We next simulated the escape behavior based on the population vector model. For this, we calculated the population vector as in Figure1 C, using all six GIs, for right wind directions between 0° and 180°. (We used 90° as the preferred stimulus direction for GI1.) Finally, we reversed the direction by 180° to obtain the turn angle, again on the assumption of perfect turning away from the wind source.
Figure 3 A (solid diamonds) shows the turn size as a function of wind direction. Thedashed line represents perfect turns, exactly away from the wind direction. The model gives a very close fit to these perfect turns (RMS of 1.86°). The maximal divergence between the estimated turn and the perfect turn is 20°. It should be noted that, with this model, we did not perform any kind of optimization on the weightings of the different vectors of the GIs. It is likely that such optimization would have improved the performance (Salinas and Abbott, 1994). Nevertheless, our calculations demonstrate that even a nonoptimized population vector model can account well for the cockroach's escape behavior. As with the steering wheel model, the results were little changed when we removed GI1 from the calculation: RMS of 1.83 (Fig. 3 B).
Both the steering wheel and the population vector models can account for the results of a recent behavioral–physiological experiment (Levi and Camhi, 2000) in which spikes were added to the right GI 3 during wind stimulation. With wind from either 90° or 130° right, the addition of these spikes increased turn size. Figure4, A and B, shows that this is expected according to both the steering wheel (left panels) and population vector (right panels) models. Specifically, for the steering wheel model, adding spikes to the right GI3 lengthens the curved arrow RGI3 (i.e., adds a large counterclockwise component) and therefore leads to a larger left turn than in A above. As for the population vector model, adding spikes to the right GI3 leads to a calculation of the wind angle as closer to the right front and therefore leads to a larger left turn than in A above. This is shown more systematically in Figures 2 A and 3 A (open squares).
More significantly, the two models give opposite predictions for the addition of spikes to right GI2 during the delivery of wind stimuli from 90° right. The steering wheel model predicts an enlarged turn, whereas the population vector model predicts a smaller turn relative to controls. As Figure 4 C (left panel) shows for the steering wheel model, adding spikes to right GI2 lengthens thecurved arrow RGI2 (i.e., adds a large counterclockwise component) and thus leads to a larger left turn than in Aabove. In contrast, as Figure 4 C (right panel) shows for the population vector model, adding spikes to right GI2 leads to a calculation of the wind angle as closer to the right rear than in A above and thus to a smaller left turn. This is shown explicitly for different wind angles in Figure2 A and 3 A (open circles).
Steering wheel versus population vector models: an experimental test
To distinguish between the two models, we delivered wind puffs from either 30° or 90° right and attempted to increase the spike frequency of GI2 by injecting a train of electrical pulses of various frequencies. We chose 90° right to parallel the earlier tests on GI3 at this same angle (Levi and Camhi, 2000) and 30° right as an angle at which the population vector model predicts an especially large effect of adding spikes to GI2 (Figure 3 A.)
However, we encountered a technical problem in attempting to add spikes to GI2 during wind stimulation. The response of this cell to wind begins with a remarkably high spike frequency, over 600 spikes/sec, more than either GIs 1 or 3 (Westin et al., 1977). For this reason, it was impossible to increase the spike frequency at the beginning of the burst, and in fact our attempts to do so generally decreased spike frequency, at least on the first two interspike intervals after the wind stimulus.
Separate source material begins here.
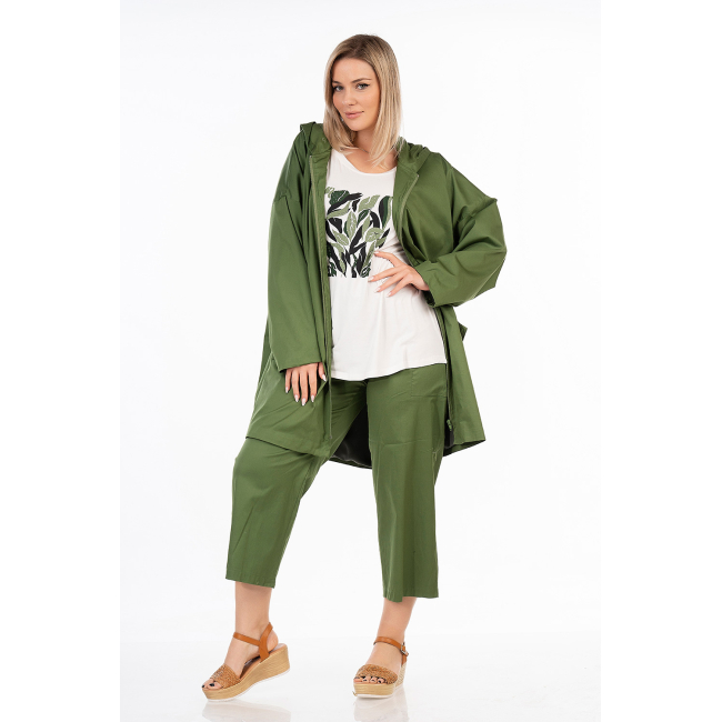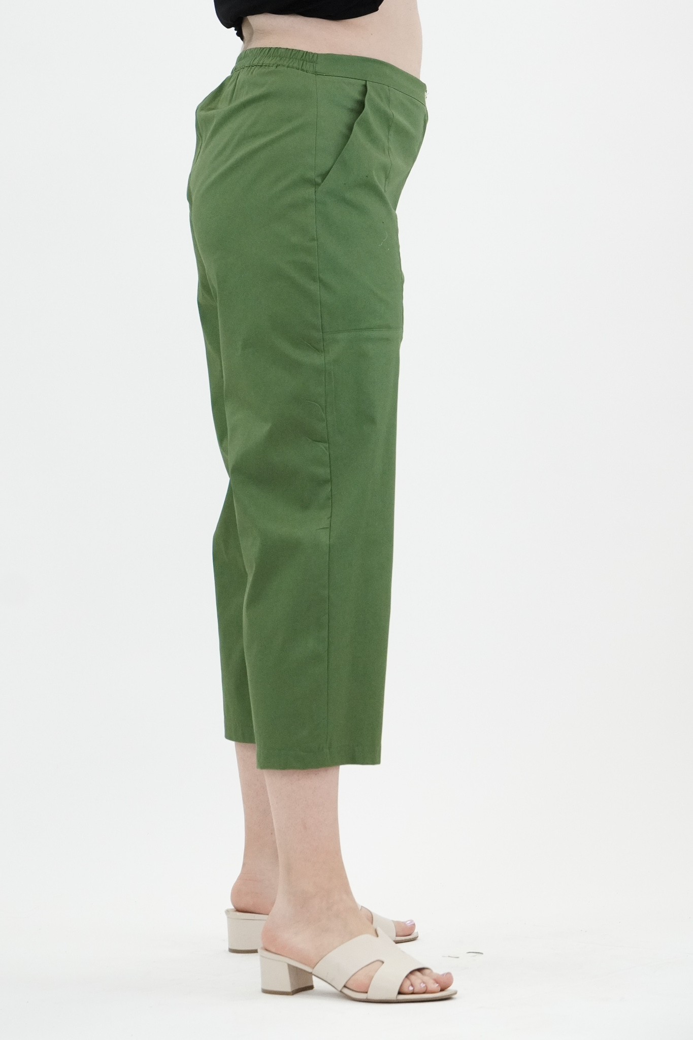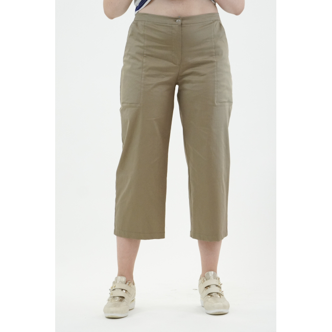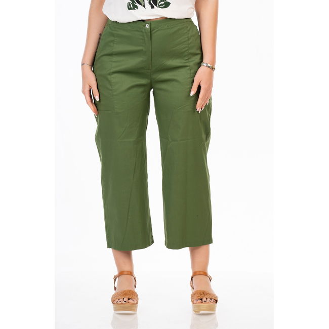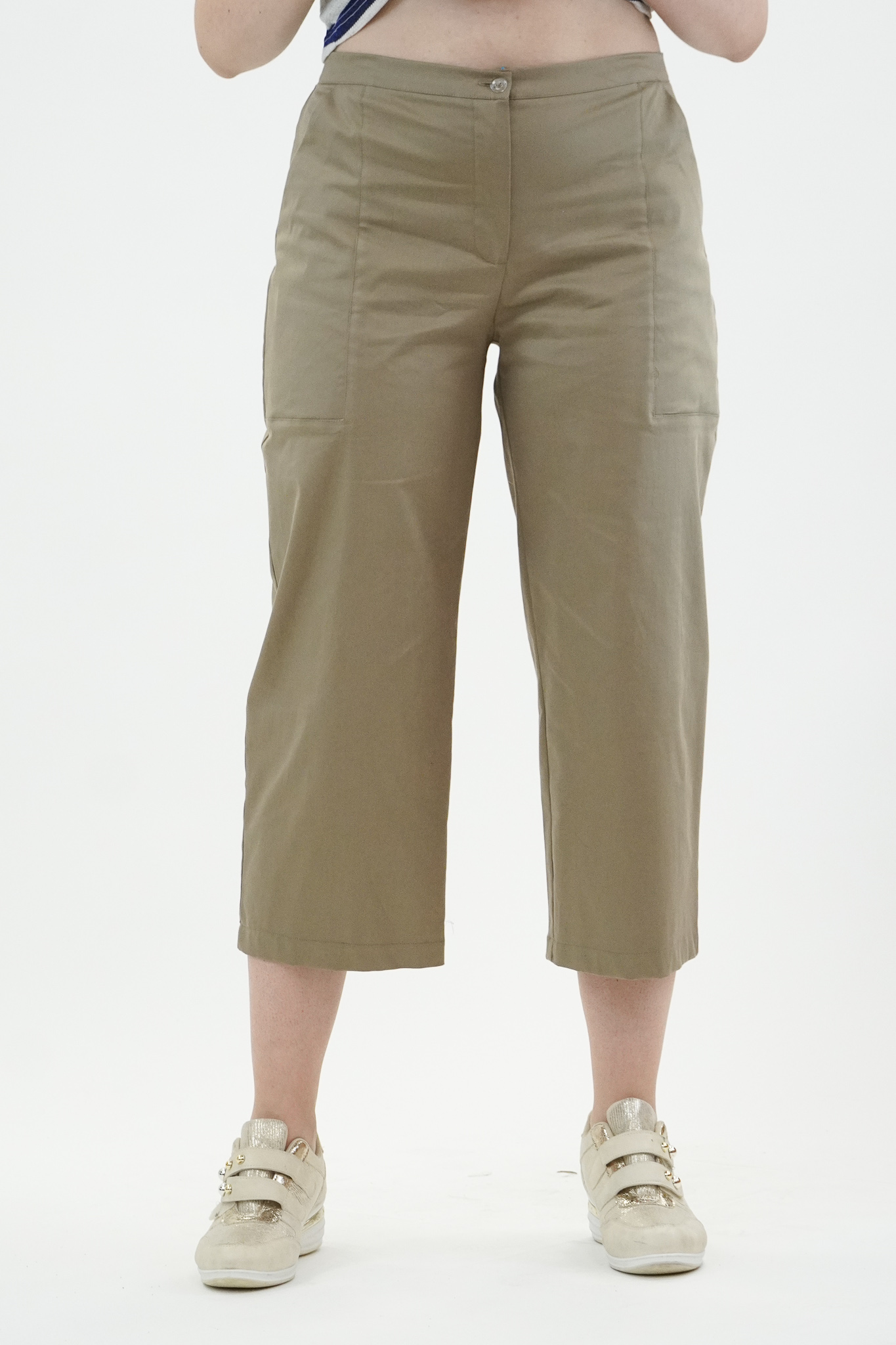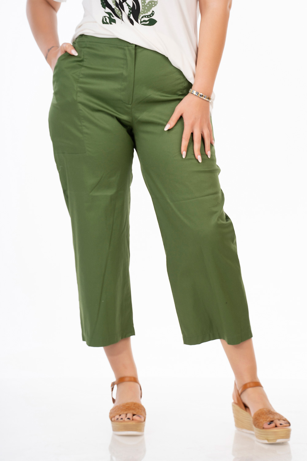 Παντελόνι αστραγάλου σε loose άνετη γραμμή, βαμβακερό ελαστικό ύφασμα, ζωνάκι με λάστιχο στο πίσω μέρος, κουμπί, φερμουάρ, φιλέτο τσέπες στα πλαϊνά. (85% cotton & 15% elastan)

Therefore, we instead began by photoablating GI2, as described in the Materials and Methods. The effect of photoablation on turn direction should be opposite that of adding spikes to this cell. Thus, the population vector model would predict an increase of the left turn size, whereas the steering wheel model would predict a decrease. We delivered wind puffs, initially from 90° right, to each of five animals, three times before and three times after the photoablation. The photoablation resulted in a significant increase of left-turning tendency (p < 0.05; Mann–Whitney test), consistent with the population vector model (Fig.5).
In a separate group of 10 cockroaches, we followed the photoablation with subsequent addition of spikes to GI2. We first gave three wind puffs from 90° right to each of these animals. We then performed the photoablation and gave three more puffs. Then, simultaneous with each of three more puffs, we delivered an electrical stimulus train to the more anterior region of the GI2 axon, as described in the Materials and Methods. These photoablation and electrical stimulation procedures are known not to effect the adjacent unfilled GIs (Libersat et al., 1989;Mizrahi and Libersat, 1997).
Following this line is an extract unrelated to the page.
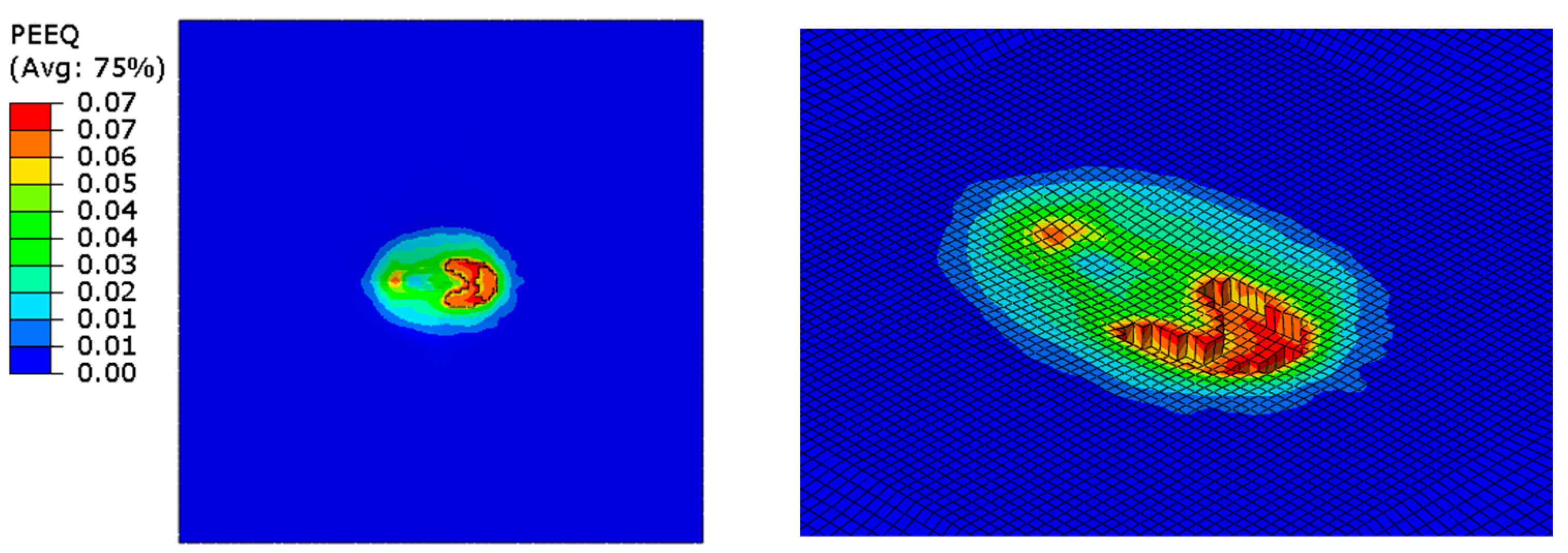 Figure 1. The impactor was modeled as a rigid body where both the slab and the impactor were modeled using a single-point Gauss integration method with viscous hourglass controls, and its representation is shown in

Figure 6 A (top trace) shows, from a trial on one of these 10 animals, the response to wind of right GI2 before photoablation. The middle trace shows the absence of spikes in response to wind after photoablation, and the bottom trace shows the response to a train of electrical stimulus pulses at 300/sec. In this, as in each of the animals of this experiment, the time from the onset of the wind stimulus to the onset of the first spike differed by <1 msec in thetop trace (control) versus the bottom trace(experimental). In the bottom trace, however, the electrically evoked spike train continued until well after the beginning of the escape behavior.
In the example shown, the photoablation alone caused the cockroach's left-turning tendency to increase by 20% (Fig. 6 B). (This change is similar to that of Fig. 5.) Then, adding spikes to the GI returned the left-turning tendency to its prephotoablated level.
Figure 7 A shows the mean wind-evoked responses of all 10 GI2s from this experiment. It was this response that we eliminated completely by the photoablation. Thedashed line shows the 300 Hz response to our electrical stimulation, well below the prephotoablation spike frequency of the cell in response to wind.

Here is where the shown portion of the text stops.